Omit images. Retype all entries verbatim.

[Data records]

• • •

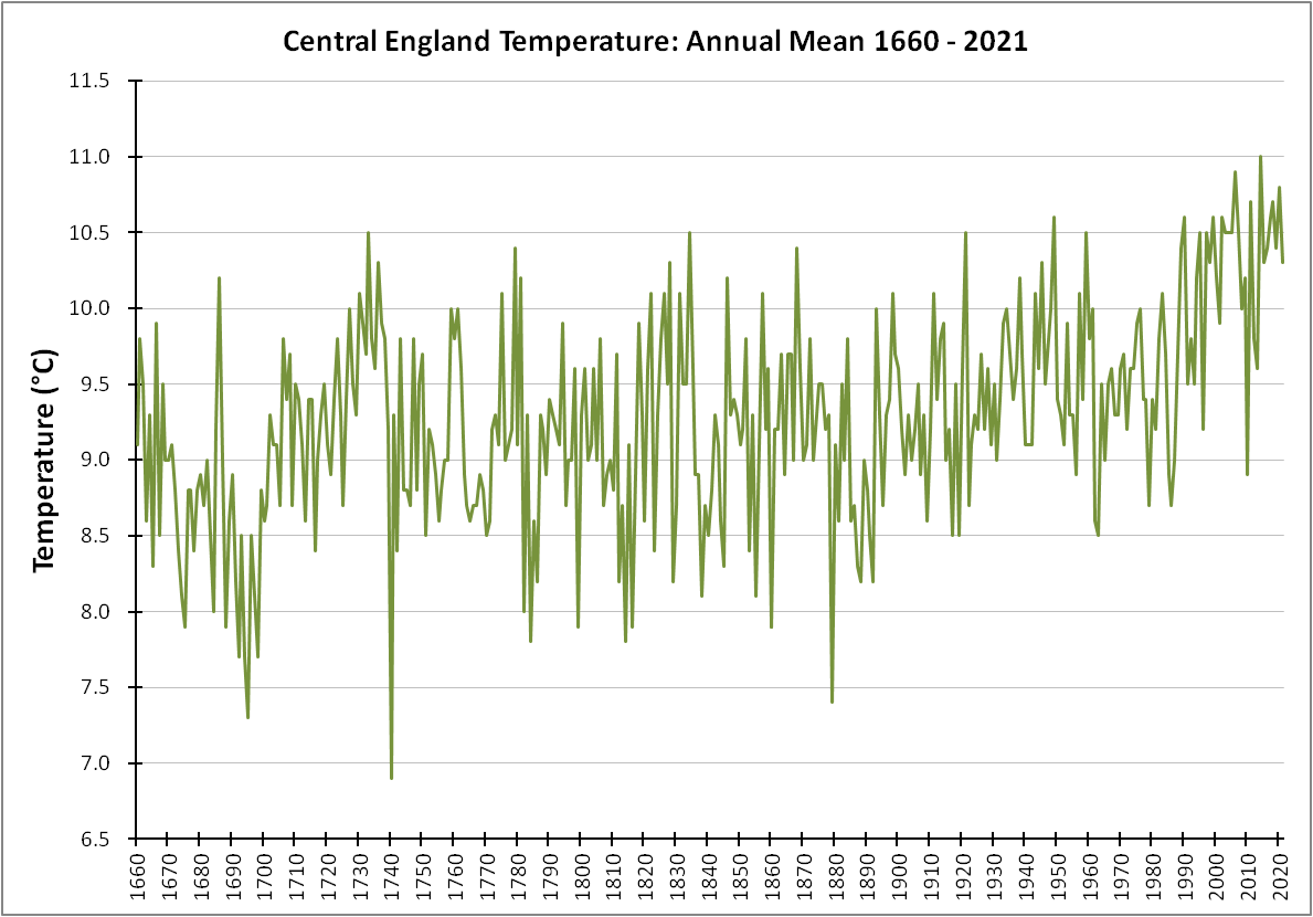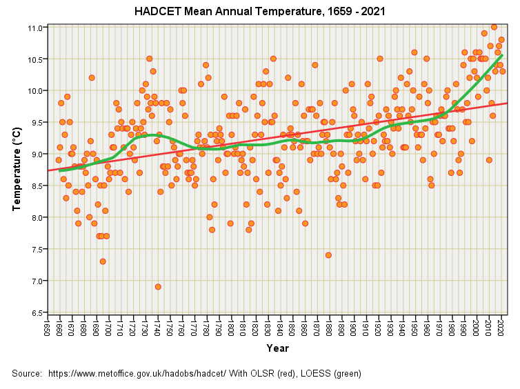 If we take the long view of 1659 – 2021 then the overall warming rate for Merrie England fetches up at +0.003°C per year (p<0.001; OLSR) or just 0.3°C per century, this being significantly less than the IPCC global estimate of +1.5°C per century.
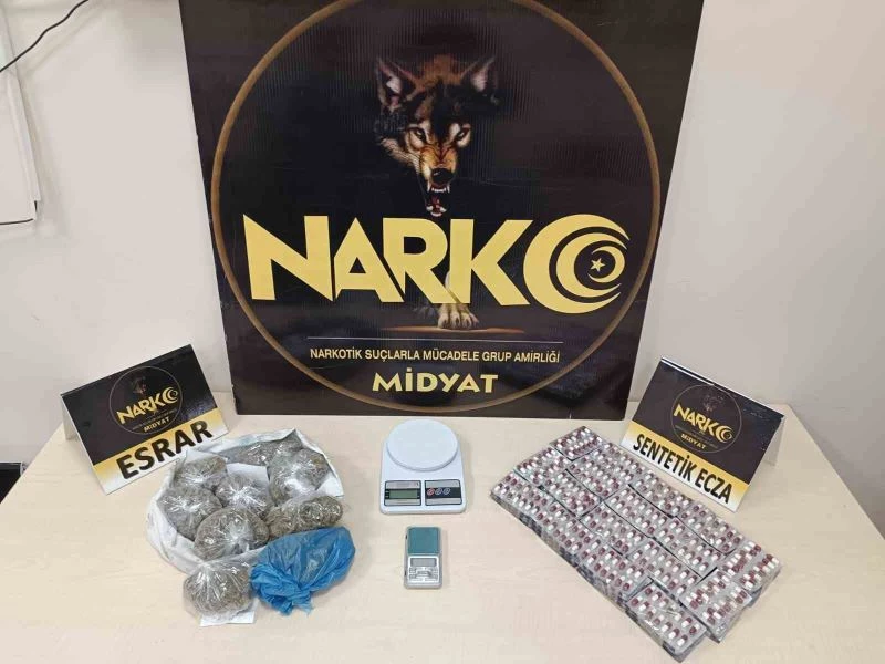 Alınan bilgilere göre, Midyat İlçe Emniyet Müdürlüğü Narkotik Suçlarla Mücadele Grup Amirliği ekiplerince, Midyat Cumhuriyet Başsavcılığının talimatları çerçevesinde, uyuşturucu madde ticareti yapan şüphelilere yönelik yapılan çalışmalarda bir adreste yapılan operasyonda, 952 adet uyuşturucu hap, 10 poşet halinde 482 gram esrar maddesi ve uyuşturucu madde ticaretinde kullanılan 2 adet hassas terazi ele geçirildi.
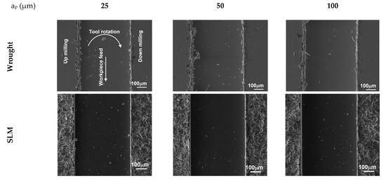 Figure 13 presents the change in the burr width depending on the cutting depths on the up- and down-milling side. At all depths of cut and on both milling sides, the burr width obtained in the SLM material is lower than in the wrought material. Even in up-milling, the burr width in the SLM material appears to be independent of the cutting depth. However, a similar trend was not observed in the case of up-milling. In addition, the burr widths obtained for the wrought material exhibit significant variation, as indicated by the error bars. This variation can be attributed to the material’s more ductile behavior. Since plastic deformation is less common in the machining of SLM material (due to its hardness being higher) than in wrought material, narrower and finer burrs can be expected when machining SLM material [31]. These findings are in agreement with the outcomes of micro-ball end milling Ti64 presented by Chen et al. [60]. It is known that, as the depth of cut rises, the contact area between the workpiece and the tool goes up as well, the extrusion and ploughing process intensifies, and the cutting forces increase. Therefore, more material deformation is induced and bigger top burrs are shaped through the cutting edge [61]. SEM images of burr widths at different cutting depths for both materials are given in Figure 14. It can be seen that the burr width in the SLM material is significantly lower. According to the results shown in Figure 13 and Figure 14, it is suggested to consider the depth of cut as 100 µm for the maximum material removal rate in SLM material.
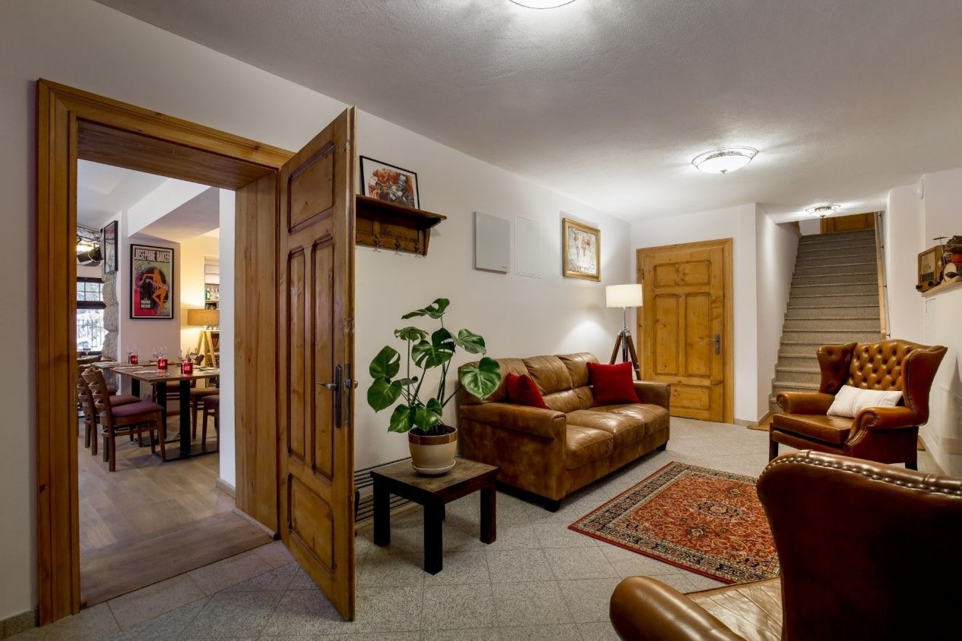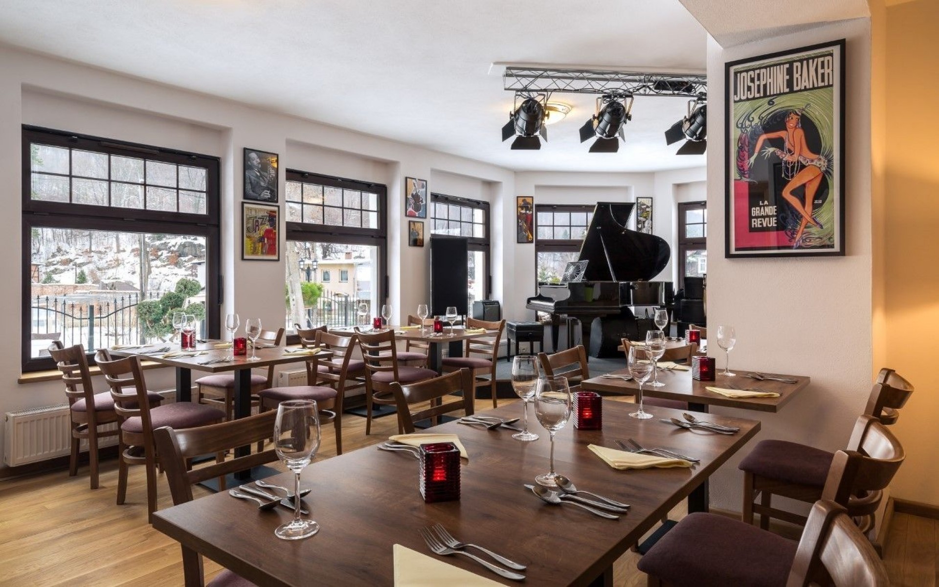 Na miejscu można zamówić ciepłą kolację, a wieczory umilają jazzowe dźwięki i płomień ognia w kominku. 🔥🎼
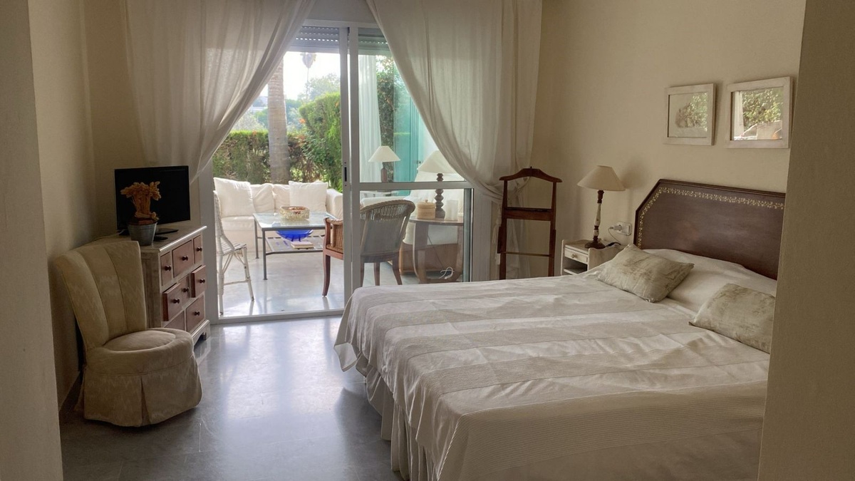 Este espacioso apartamento en planta baja, situado en el prestigioso complejo Hoyo 15 de Guadalmina Baja, cuenta con 3 dormitorios y 3 baños, y ofrece una distribución cómoda para la vida cotidiana. Totalmente amueblado, incluye un jardín privado vallado con vistas directas al campo de golf, lo que crea un tranquilo espacio al aire libre. La propiedad se encuentra a poca distancia a pie del mar, las tiendas y los servicios locales, lo que combina la comodidad con una ubicación privilegiada. Se trata de una vivienda segura y bien comunicada, una excelente opción para vivir a largo plazo en una de las zonas más deseadas de Marbella.
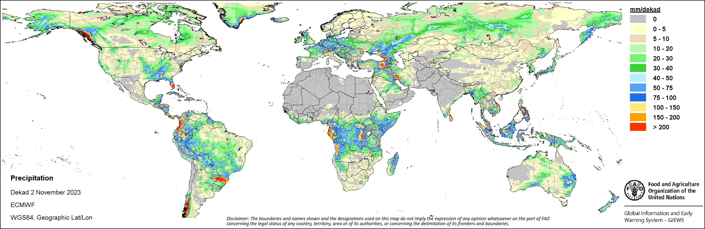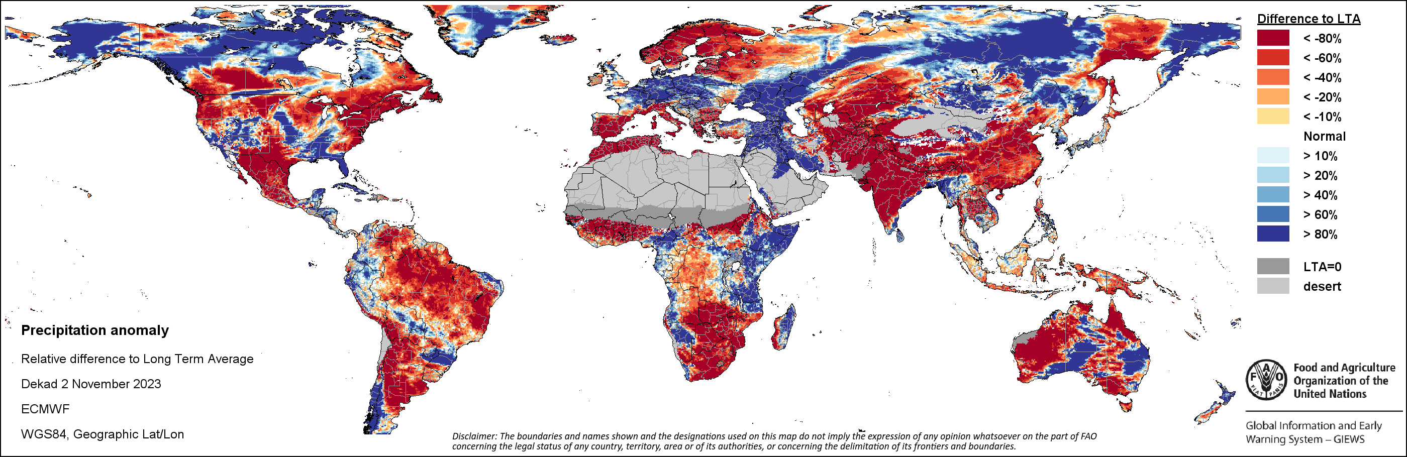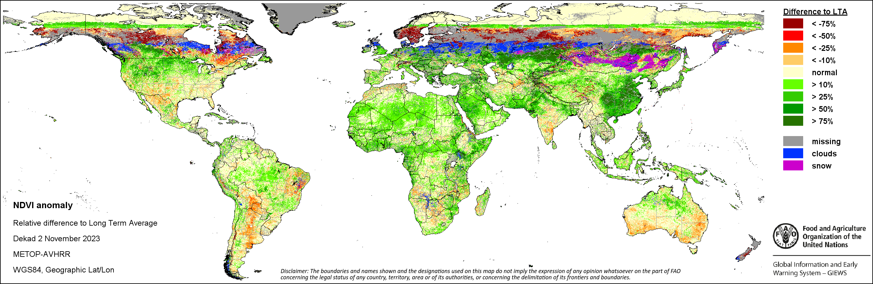 Système mondial d’information et d’alerte rapide sur l’alimentation et l’agriculture (SMIAR) suit l'état de développement des principales cultures vivrières à travers le monde afin d’évaluer les perspectives de production. Pour appuyer l'analyse et compléter les informations recueillies sur le terrain, le SMIAR utilise des données de télédétection en vue de récolter des indications importantes sur la disponibilité en eau et la santé générale de la végétation au cours des campagnes agricoles. Outre les estimations concernant la pluviométrie et l'indice de végétation par différence normalisé (NDVI - Normalized Difference Vegetation Index), le SMIAR et la Division OCB de la FAO ont mis au point l'Indice de stress hydrique (ASI - Agricultural Stress Index), un indicateur qui permet d’identifier rapidement des zones agricoles probablement affectées par des périodes sèches, voire des sécheresses dans les cas extrêmes.
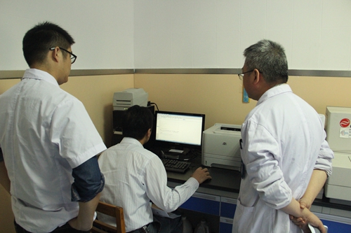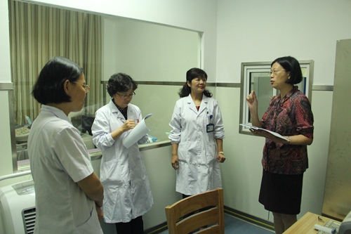 10月18日,省卫生厅专家组一行4人,来我院产前诊断中心进行现场指导。专家们依照产前诊断机构相关细则,从组织管理、遗传咨询与临床技术、实验室技术、医学影像技术等四个方面,通过现场实地考察、与工作人员交流等形式,对产前诊断中心的软硬件建设提出指导意见,帮助提高我院产前诊断服务质量
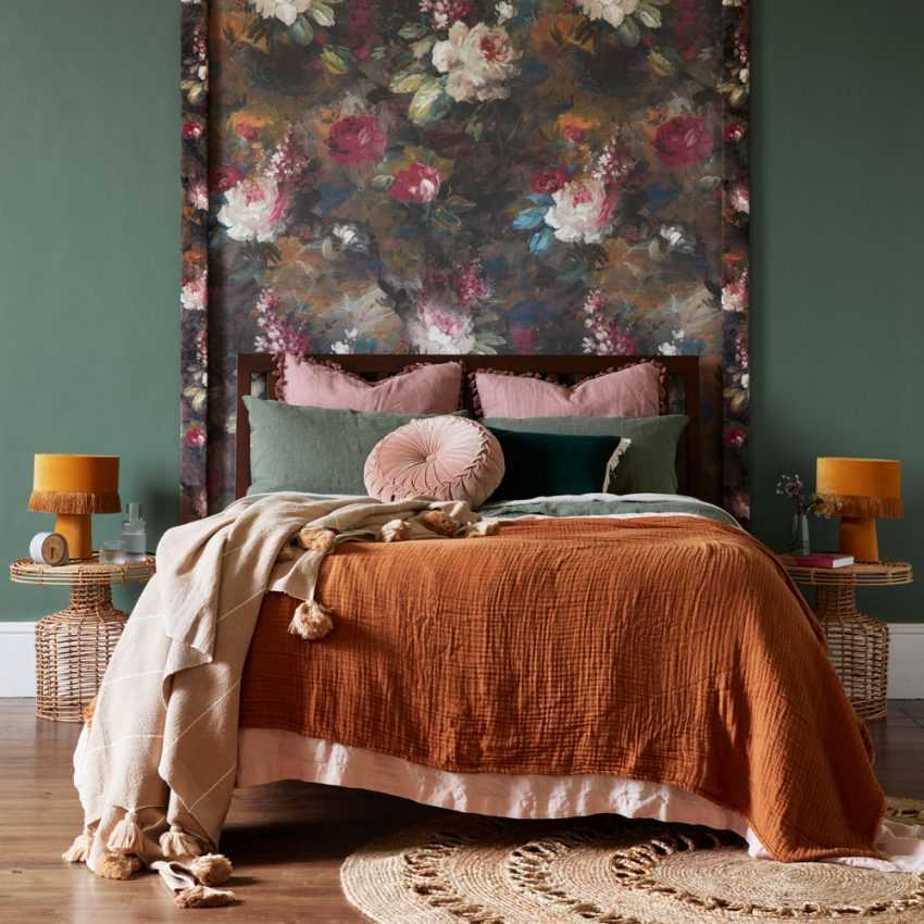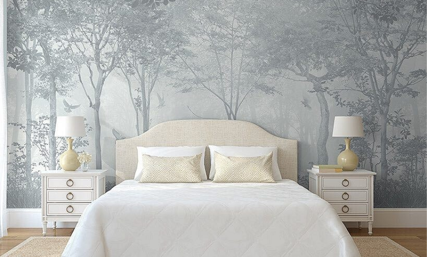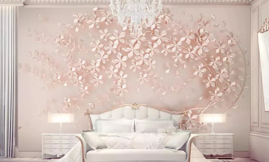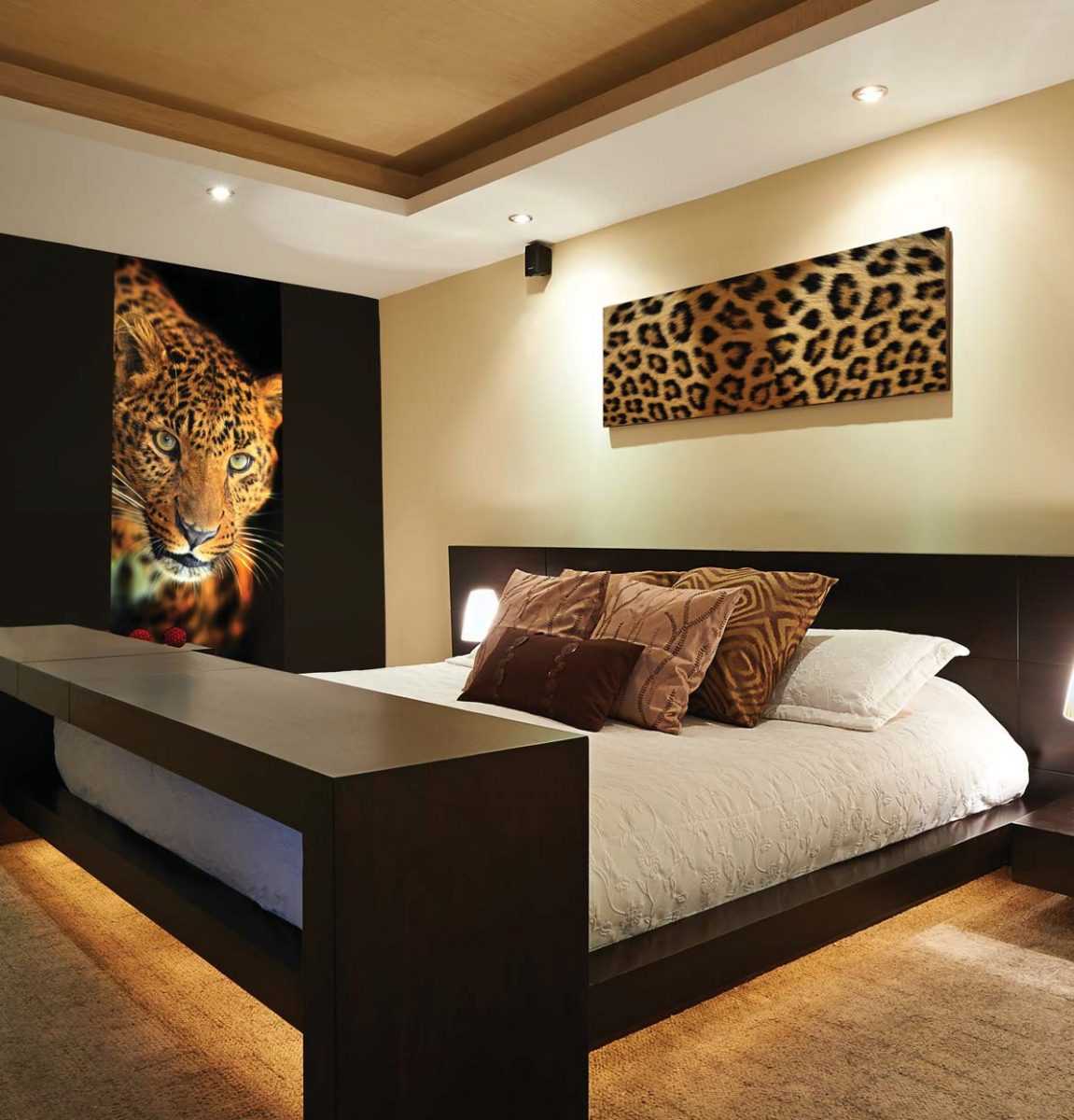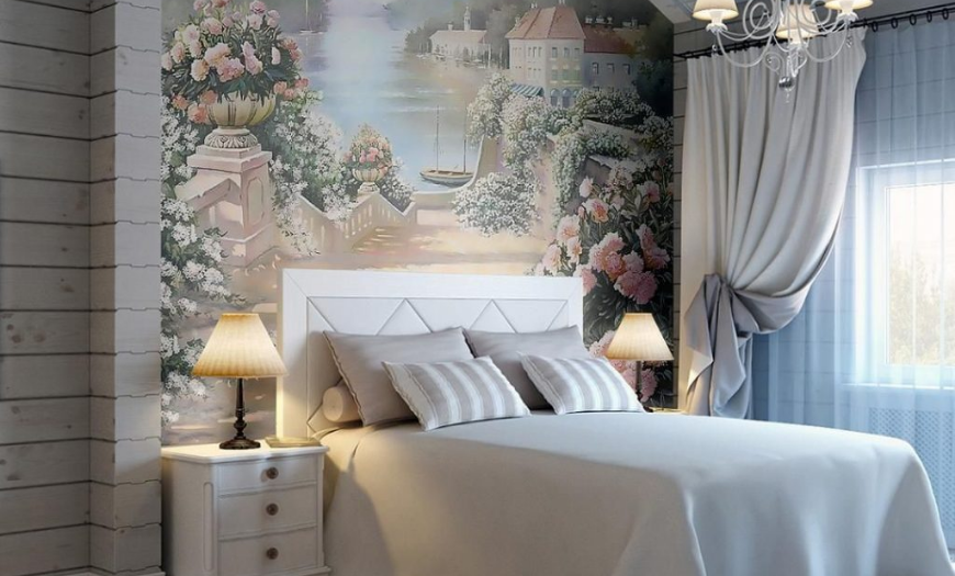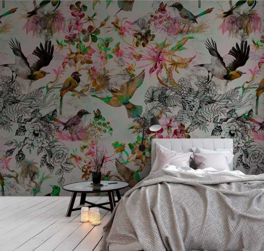 Природные мотивы. Особенно красиво такие полтона смотрятся благодаря естественности изображения, глубине цвета на рисунке. Тем более если речь идёт о фотообоях. Если же работаем просто с растительными и природными орнаментами (цветы, ветки растений, фигуры животных), то они вообще отлично подходят оформлению спальни.

• • •

**Exercise result**:
 If we take the long view of 1659 – 2021 then the overall warming rate for Merrie England fetches up at +0.003°C per year (p<0.001; OLSR) or just 0.3°C per century, this being significantly less than the IPCC global estimate of +1.5°C per century.
 Alınan bilgilere göre, Midyat İlçe Emniyet Müdürlüğü Narkotik Suçlarla Mücadele Grup Amirliği ekiplerince, Midyat Cumhuriyet Başsavcılığının talimatları çerçevesinde, uyuşturucu madde ticareti yapan şüphelilere yönelik yapılan çalışmalarda bir adreste yapılan operasyonda, 952 adet uyuşturucu hap, 10 poşet halinde 482 gram esrar maddesi ve uyuşturucu madde ticaretinde kullanılan 2 adet hassas terazi ele geçirildi.
 Figure 13 presents the change in the burr width depending on the cutting depths on the up- and down-milling side. At all depths of cut and on both milling sides, the burr width obtained in the SLM material is lower than in the wrought material. Even in up-milling, the burr width in the SLM material appears to be independent of the cutting depth. However, a similar trend was not observed in the case of up-milling. In addition, the burr widths obtained for the wrought material exhibit significant variation, as indicated by the error bars. This variation can be attributed to the material’s more ductile behavior. Since plastic deformation is less common in the machining of SLM material (due to its hardness being higher) than in wrought material, narrower and finer burrs can be expected when machining SLM material [31]. These findings are in agreement with the outcomes of micro-ball end milling Ti64 presented by Chen et al. [60]. It is known that, as the depth of cut rises, the contact area between the workpiece and the tool goes up as well, the extrusion and ploughing process intensifies, and the cutting forces increase. Therefore, more material deformation is induced and bigger top burrs are shaped through the cutting edge [61]. SEM images of burr widths at different cutting depths for both materials are given in Figure 14. It can be seen that the burr width in the SLM material is significantly lower. According to the results shown in Figure 13 and Figure 14, it is suggested to consider the depth of cut as 100 µm for the maximum material removal rate in SLM material.
 Na miejscu można zamówić ciepłą kolację, a wieczory umilają jazzowe dźwięki i płomień ognia w kominku. 🔥🎼
 Este espacioso apartamento en planta baja, situado en el prestigioso complejo Hoyo 15 de Guadalmina Baja, cuenta con 3 dormitorios y 3 baños, y ofrece una distribución cómoda para la vida cotidiana. Totalmente amueblado, incluye un jardín privado vallado con vistas directas al campo de golf, lo que crea un tranquilo espacio al aire libre. La propiedad se encuentra a poca distancia a pie del mar, las tiendas y los servicios locales, lo que combina la comodidad con una ubicación privilegiada. Se trata de una vivienda segura y bien comunicada, una excelente opción para vivir a largo plazo en una de las zonas más deseadas de Marbella.
 Système mondial d’information et d’alerte rapide sur l’alimentation et l’agriculture (SMIAR) suit l'état de développement des principales cultures vivrières à travers le monde afin d’évaluer les perspectives de production. Pour appuyer l'analyse et compléter les informations recueillies sur le terrain, le SMIAR utilise des données de télédétection en vue de récolter des indications importantes sur la disponibilité en eau et la santé générale de la végétation au cours des campagnes agricoles. Outre les estimations concernant la pluviométrie et l'indice de végétation par différence normalisé (NDVI - Normalized Difference Vegetation Index), le SMIAR et la Division OCB de la FAO ont mis au point l'Indice de stress hydrique (ASI - Agricultural Stress Index), un indicateur qui permet d’identifier rapidement des zones agricoles probablement affectées par des périodes sèches, voire des sécheresses dans les cas extrêmes.
 10月18日,省卫生厅专家组一行4人,来我院产前诊断中心进行现场指导。专家们依照产前诊断机构相关细则,从组织管理、遗传咨询与临床技术、实验室技术、医学影像技术等四个方面,通过现场实地考察、与工作人员交流等形式,对产前诊断中心的软硬件建设提出指导意见,帮助提高我院产前诊断服务质量
 Природные мотивы. Особенно красиво такие полтона смотрятся благодаря естественности изображения, глубине цвета на рисунке. Тем более если речь идёт о фотообоях. Если же работаем просто с растительными и природными орнаментами (цветы, ветки растений, фигуры животных), то они вообще отлично подходят оформлению спальни.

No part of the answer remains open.